Use case Base image Notes
Need ROCm >=6.0, but only scales to a single node on LUMI docker://rocm/dev-ubuntu-22.04:6.0.2-complete (or another tag, if needed) Falls back to communication via sockets across multiple nodes which doesn't scale very well.
Need ROCm 5.7 or 6.0 and needs to scale to multiple nodes /appl/local/containers/sif-images/lumi-pytorch-rocm-5.7.3-python-3.12-pytorch-v2.2.2.sif or /appl/local/containers/sif-images/lumi-pytorch-rocm-6.0.3-python-3.12-pytorch-v2.3.1.sif Cotainr will install an additional conda environment into these containers in addition to the one they already provide. The resulting image becomes very large and bloated, but should otherwise work.

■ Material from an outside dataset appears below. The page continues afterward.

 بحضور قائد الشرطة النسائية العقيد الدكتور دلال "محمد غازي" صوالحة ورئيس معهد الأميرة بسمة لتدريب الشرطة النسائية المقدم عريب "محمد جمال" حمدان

Need ROCm =5.6 /appl/local/containers/prior-sep2024-update/sif-images/lumi-rocm-rocm-5.6.1.sif This may or may not work depending on your use case.

A note on PyTorch versions

As for PyTorch versions, we generally recommend torch<=2.3 since 2.4 currently causes crashes on LUMI in certain situations. Also, we have seen degraded performance for some PyTorch and Tensorflow training workflows following the maintenance break on LUMI. We are still investigating this.